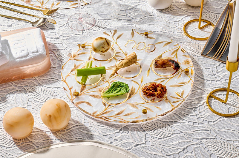 Watch the video to see how we styled this stunning Pesach seder tablescape and recreate it easily for your own Pesach Seder.
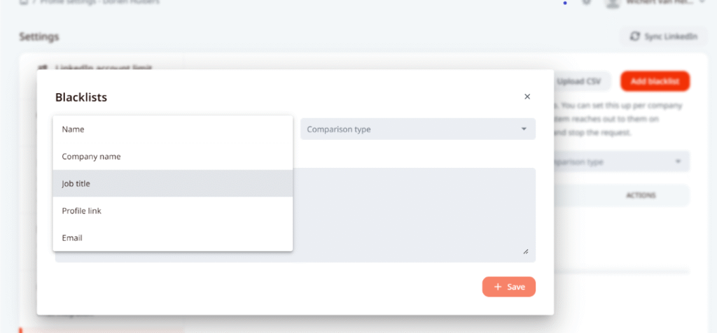 2. Choose the Blacklist type and Comparison type from the dropdown menu
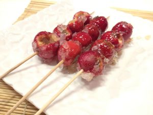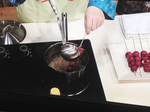 糖浆熬好后,迅速将山楂串放在锅边,用勺子将糖浆均匀淋上后,放入抹油的盘子里。
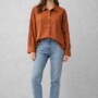 CAMISA COLOR TEJA DE MANGA LARGA CON DETALLES EN LAS MANGAS. TALLA ÚNICA.
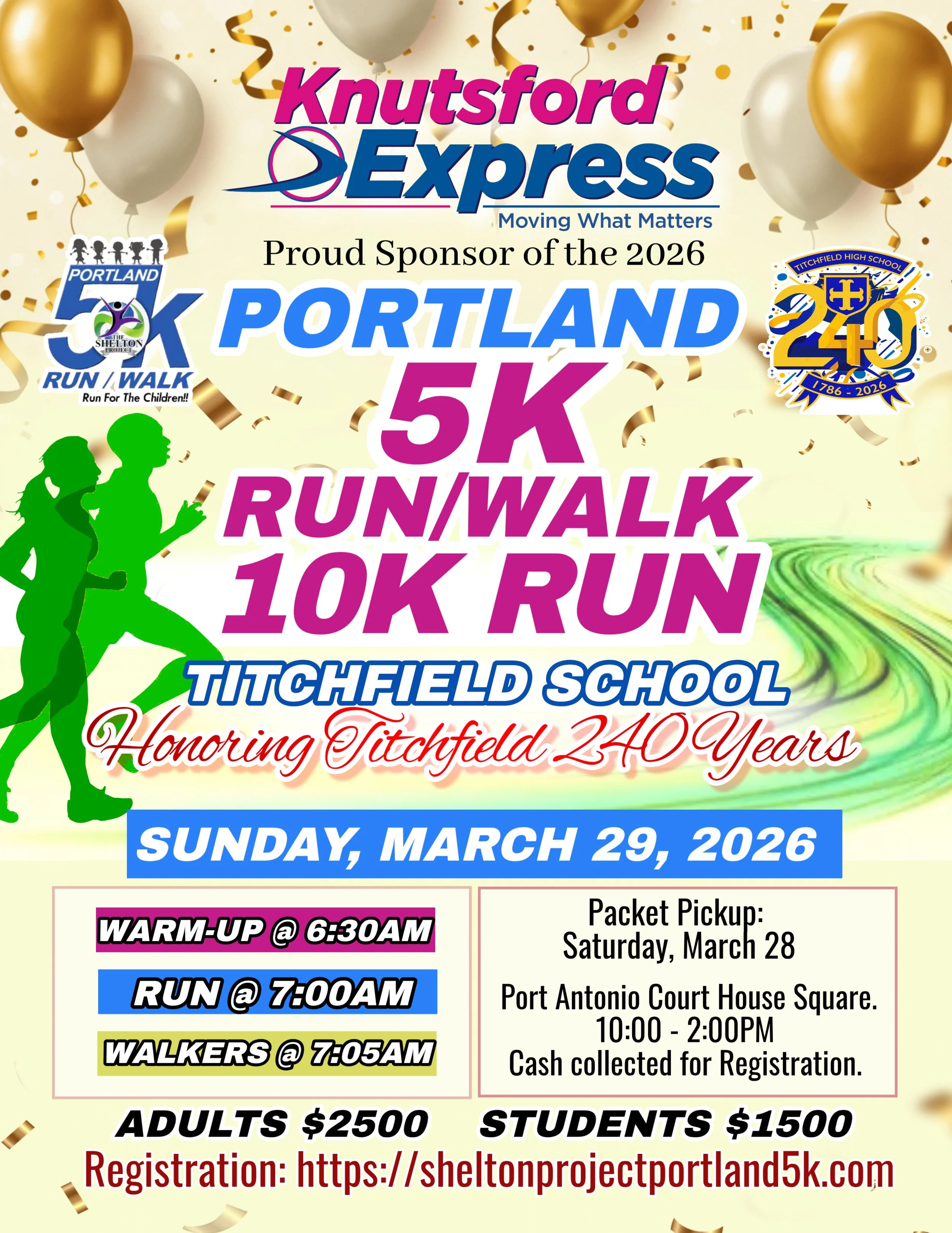 Sign up and join in the fun of the Fifth Shelton Project Portland 5K Run/Walk in beautiful Port Antonio, Jamaica. This event will launch the Homecoming Activities for the 240th Year of Titchfield School.
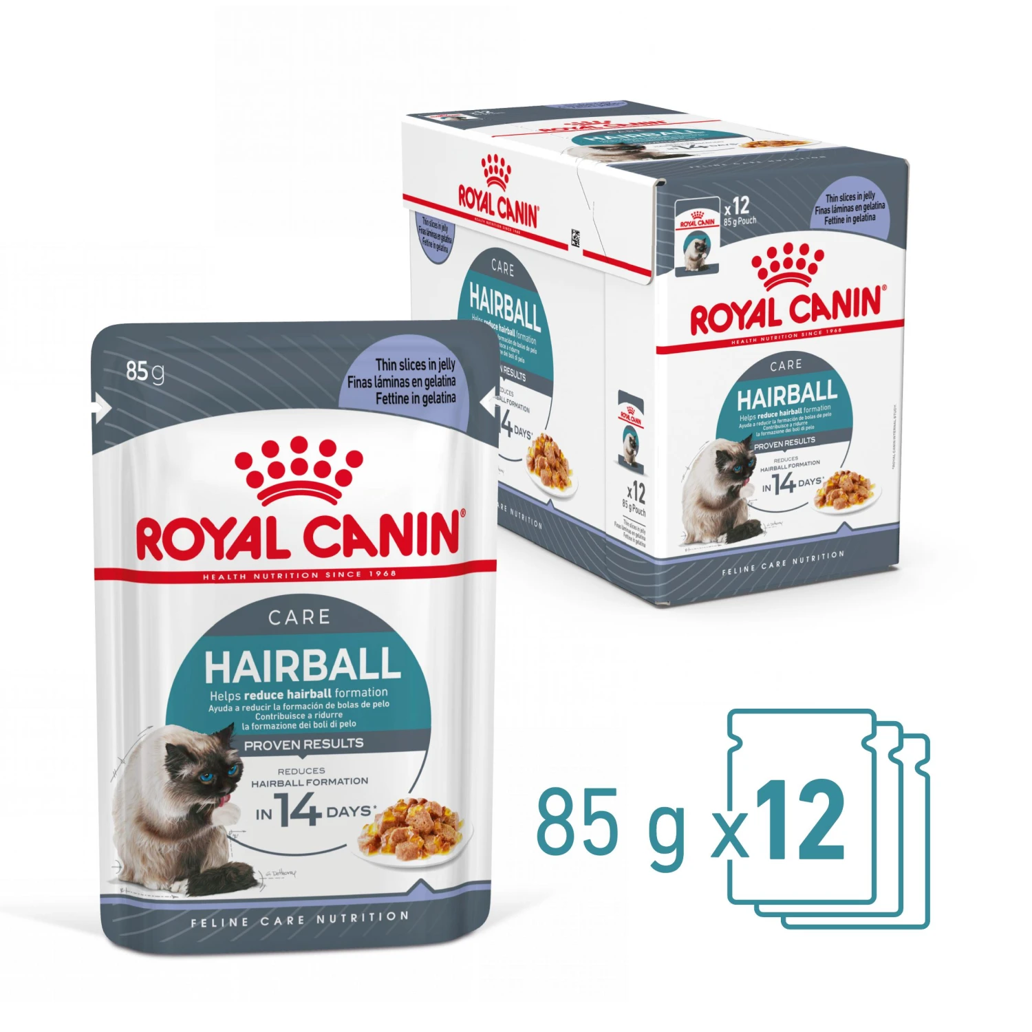Hairball Care en salsa de ROYAL CANIN® está formulado para ayudar a tu gato A estimular de manera natural el tránsito intestinal y ayudar a eliminar el exceso de pelo ingerido que, de otro modo, se acumularía en el estómago.
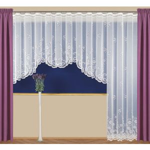 Hotová jemná žakárová záclona se vzorem připomínajícím trsy trávy a listů v jednobarevné bílé barvě. Záclona je vyrobena ze 100% polyesteru v různých výškách a šířkách. Záclona má z výroby pevné boční i horní okraje, bez řasící stužky. Výška záclony je měřena v nejdelším místě.
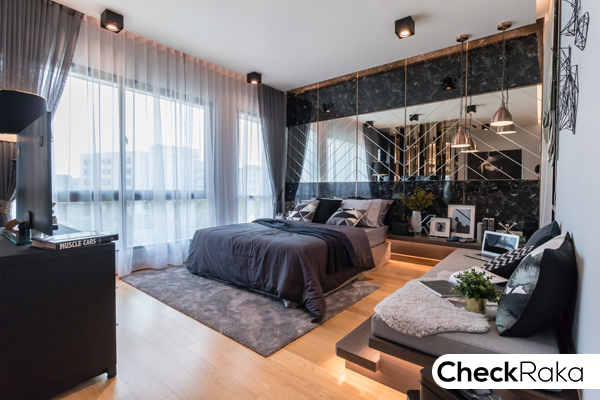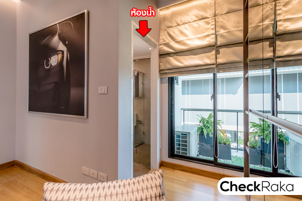และสูงเกือบเต็มผนังด้านหน้าทำให้ห้องดูสว่าง มีห้องน้ำในตัว และ Walk-in Closet
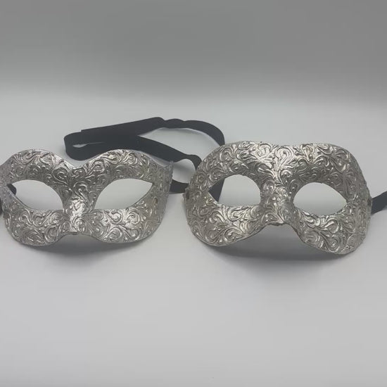 Couples Venetian Mask Set – Silver Baroque Masquerade Masks
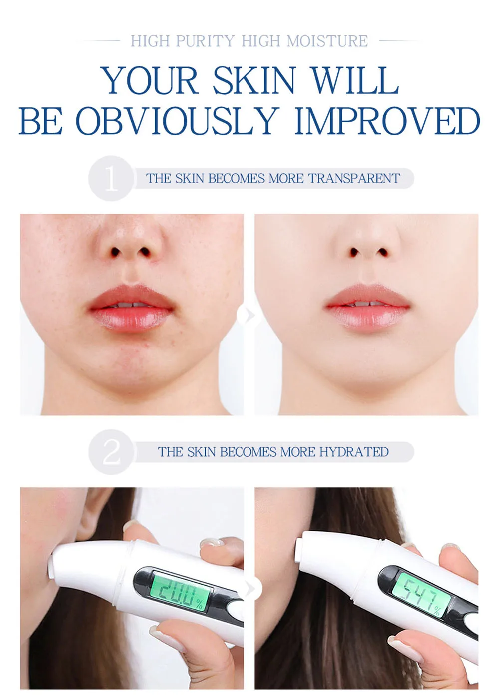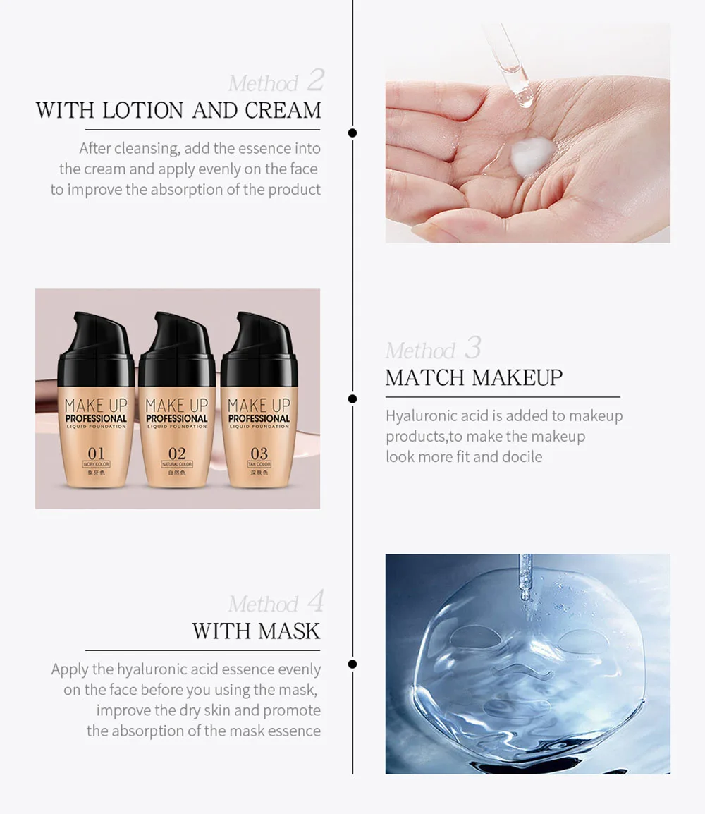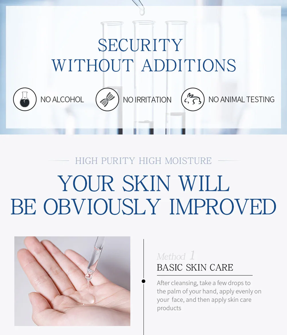 Эффекты: сыворотка гиалуроновой кислоты обладает лучшей увлажняющей способностью, проникает в ваши кожные барьеры,
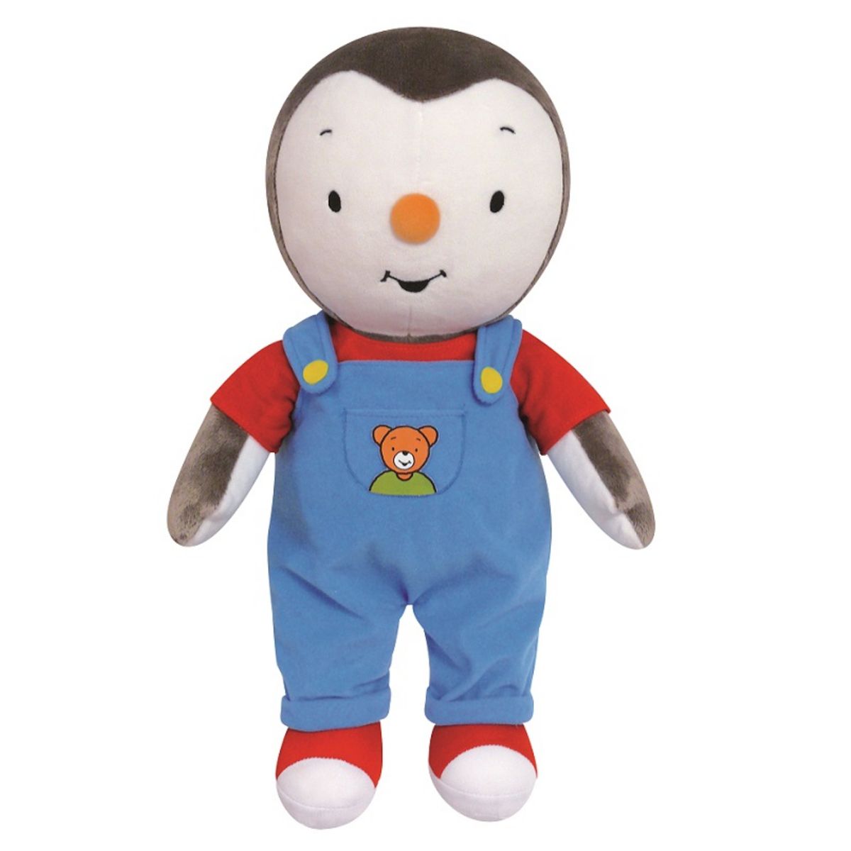T'CHOUPI est une peluche douce de 45cm vêtu d’une salopette bleue imprimée doudou et d’un tee-shirt rouge.
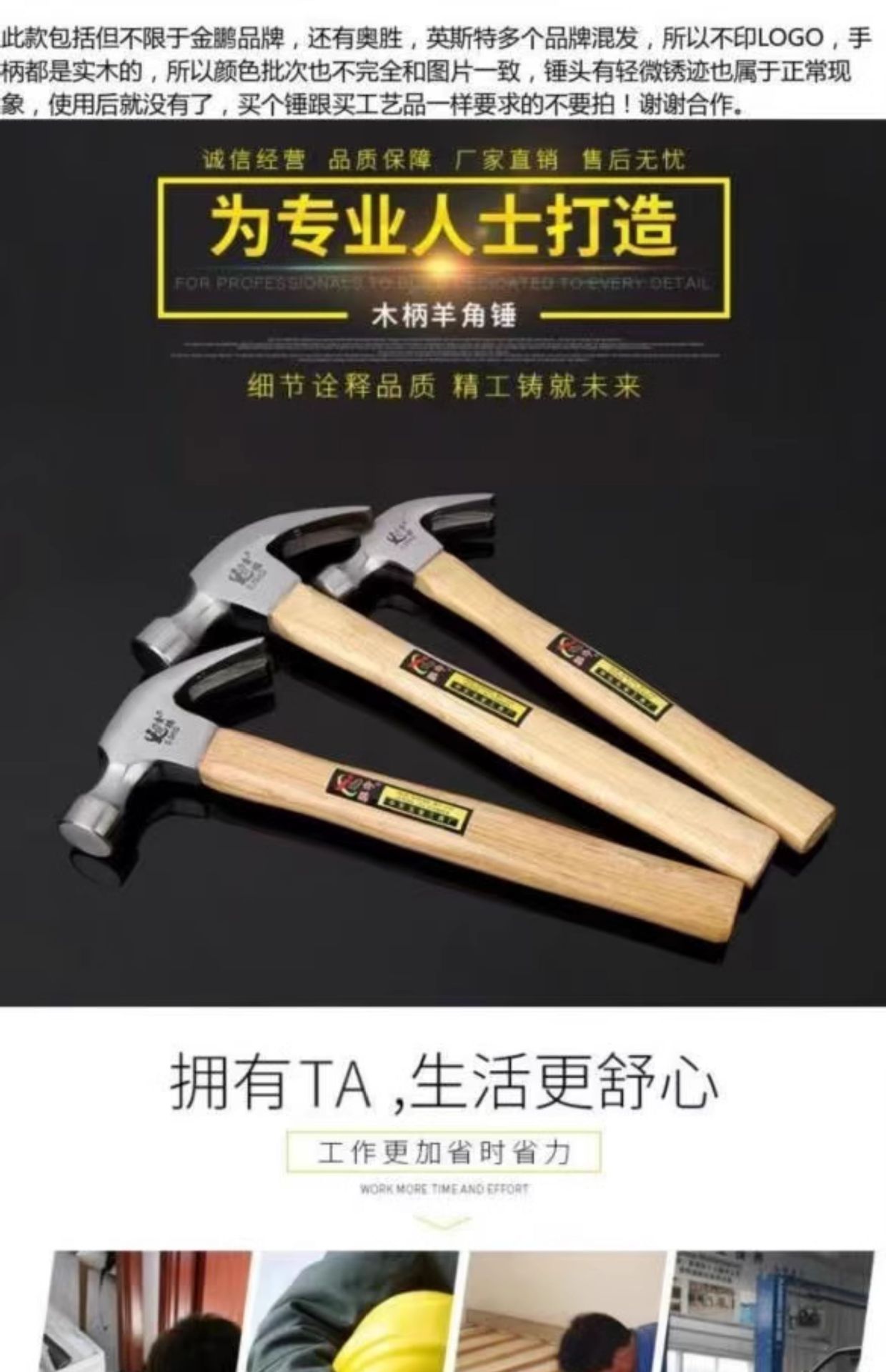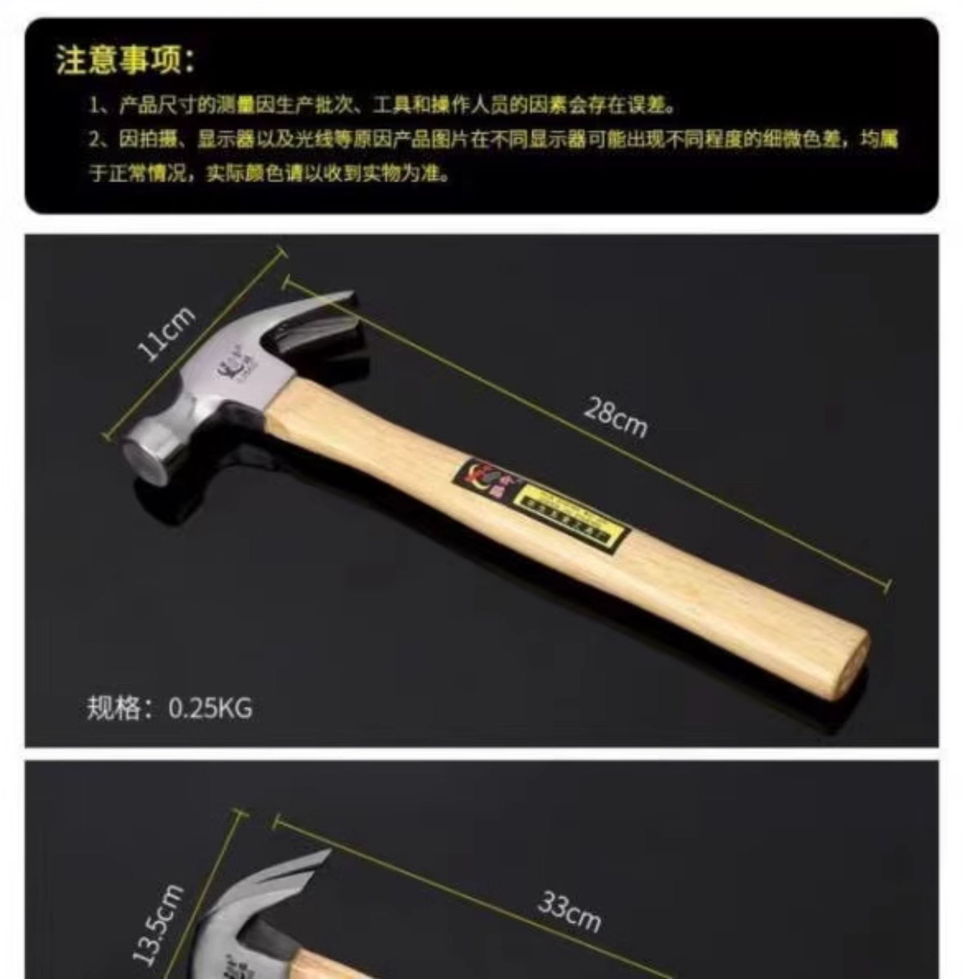 • 0.5kg 나무 손잡이 클로 해머

### Task to carry out:
Keep the pictures out of the copy and return the rest of the data above exactly.

### Response to the exercise:
 Watch the video to see how we styled this stunning Pesach seder tablescape and recreate it easily for your own Pesach Seder.
 2. Choose the Blacklist type and Comparison type from the dropdown menu
 糖浆熬好后,迅速将山楂串放在锅边,用勺子将糖浆均匀淋上后,放入抹油的盘子里。
 CAMISA COLOR TEJA DE MANGA LARGA CON DETALLES EN LAS MANGAS. TALLA ÚNICA.
 Sign up and join in the fun of the Fifth Shelton Project Portland 5K Run/Walk in beautiful Port Antonio, Jamaica. This event will launch the Homecoming Activities for the 240th Year of Titchfield School.
Hairball Care en salsa de ROYAL CANIN® está formulado para ayudar a tu gato A estimular de manera natural el tránsito intestinal y ayudar a eliminar el exceso de pelo ingerido que, de otro modo, se acumularía en el estómago.
 Hotová jemná žakárová záclona se vzorem připomínajícím trsy trávy a listů v jednobarevné bílé barvě. Záclona je vyrobena ze 100% polyesteru v různých výškách a šířkách. Záclona má z výroby pevné boční i horní okraje, bez řasící stužky. Výška záclony je měřena v nejdelším místě.
และสูงเกือบเต็มผนังด้านหน้าทำให้ห้องดูสว่าง มีห้องน้ำในตัว และ Walk-in Closet
 Couples Venetian Mask Set – Silver Baroque Masquerade Masks
 Эффекты: сыворотка гиалуроновой кислоты обладает лучшей увлажняющей способностью, проникает в ваши кожные барьеры,
T'CHOUPI est une peluche douce de 45cm vêtu d’une salopette bleue imprimée doudou et d’un tee-shirt rouge.
 • 0.5kg 나무 손잡이 클로 해머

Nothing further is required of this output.